Confucius a mis en branle le projet de la philosophie comme recherche et amour de la sagesse dans la Chine ancienne. Peu de temps après son décès, vers 500 avant notre ère, une variété d'enseignements philosophiques ont émergé, y compris ceux associés au taoïsme, au mohisme et au légalisme. Tant étaient les positions philosophiques que les commentateurs de l'époque notaient, avec hyperbole, qu'une "centaine d'écoles de pensée" était apparue. Chacun de ces nouveaux développements de la philosophie classique, qui est apparu de manière assez intéressante à peu près en même temps que les idées des philosophes grecs antiques, est apparu au moins en partie comme une critique pointue des idées associées à Confucius.

La notion philosophique la plus originale attribuée à Confucius est d'abord celle d'humanité (C : ren J : jin). Bien qu'il n'ait jamais été aussi clairement et concis expliqué qu'il a été discuté et exploré, le Entretiens suggère que la pratique de l'humanité consiste à ne pas traiter les autres d'une manière qu'on ne voudrait pas être traité. Sans surprise, cette notion a été caractérisée comme la « règle d'or » confucéenne et comparée également à l'impératif catégorique de Kant appelant les gens à agir selon des règles qu'ils seraient prêts à considérer comme des lois universelles. Les Entretiens place l'humanité au centre de sa philosophie morale, en la soulignant comme la notion éthique la plus universelle. Signe de cette nature par excellence, presque tous les penseurs de l'histoire de l'Asie de l'Est qui pouvaient de quelque manière que ce soit être considérés comme des « confucianistes » ont dû l'aborder dans leurs propres écrits.

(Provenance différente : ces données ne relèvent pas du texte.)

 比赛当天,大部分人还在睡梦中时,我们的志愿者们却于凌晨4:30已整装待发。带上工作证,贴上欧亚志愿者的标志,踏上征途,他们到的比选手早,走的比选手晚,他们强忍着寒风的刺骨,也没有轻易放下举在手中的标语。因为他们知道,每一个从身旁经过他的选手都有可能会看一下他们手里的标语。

Tout aussi important dans le Entretiens est la notion de junzi (Japonais: kunshi), ou le &ldquoprince.» Le terme se réfère littéralement au &ldquoson d'un souverain,» mais le Entretiens souligne que quiconque se cultive dans la mesure où sa vertu est digne d'un prince est bien un &ldquoprince». En effet, en développant cette notion, le Entretiens exposait une perspective éthique par laquelle même les plus hauts niveaux de la hiérarchie socio-politique pouvaient être évalués de manière critique.

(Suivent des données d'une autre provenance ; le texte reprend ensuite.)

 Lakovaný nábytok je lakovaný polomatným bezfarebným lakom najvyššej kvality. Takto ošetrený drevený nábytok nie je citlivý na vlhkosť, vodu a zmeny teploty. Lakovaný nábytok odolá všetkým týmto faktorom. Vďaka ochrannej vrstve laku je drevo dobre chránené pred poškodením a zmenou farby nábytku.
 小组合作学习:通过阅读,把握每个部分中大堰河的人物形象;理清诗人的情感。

Politiquement, le Entretiens suggère que la règle par l'exemple moral est bien plus efficace que la règle par la loi et la menace de punition. Ce dernier pourrait susciter la conformité, mais pas un sens de la conscience morale. D'un autre côté, gouverner par la vertu n'engendre pas seulement la complaisance lorsque le pouvoir coercitif du dirigeant est manifeste, mais aussi lorsqu'il ne l'est pas. Confucius a également souligné l'importance primordiale de la langue et son utilisation correcte pour bien gouverner le royaume. Dans un passage, Confucius suggère que s'assurer que la langue et les mots sont utilisés correctement est la première étape vers un bon gouvernement (13/3). Sans nier l'importance de la règle par la loi, Confucius a rejeté le légalisme étroit d'esprit. À un moment donné, le Entretiens (13/18) dépeint même Confucius affirmant qu'il serait juste pour un père de cacher les crimes d'un fils plutôt que de le livrer aux autorités. Les Entretiens visait à peine à approuver l'évasion autant que la responsabilité des membres de la famille de prendre soin de leurs proches.

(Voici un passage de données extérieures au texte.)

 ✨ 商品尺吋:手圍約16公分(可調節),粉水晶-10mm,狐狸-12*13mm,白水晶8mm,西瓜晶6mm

Les Entretiens est aussi bien connu pour ce qu'il ne traite pas : la métaphysique et les questions spirituelles. En particulier, Confucius est connu pour avoir demandé aux étudiants qui voulaient entendre parler de sujets spirituels pourquoi ils s'intéressaient à de tels sujets alors qu'ils n'avaient pas encore maîtrisé la voie morale de l'humanité. Dans un autre contexte, le Entretiens suggère que Confucius vénérait les esprits, même en gardant ses distances avec eux. Ces passages impliquent que Confucius n'était pas tant indifférent aux questions métaphysiques qu'il l'était à ce qu'il considérait comme des enseignements moraux plus fondamentaux et pratiques.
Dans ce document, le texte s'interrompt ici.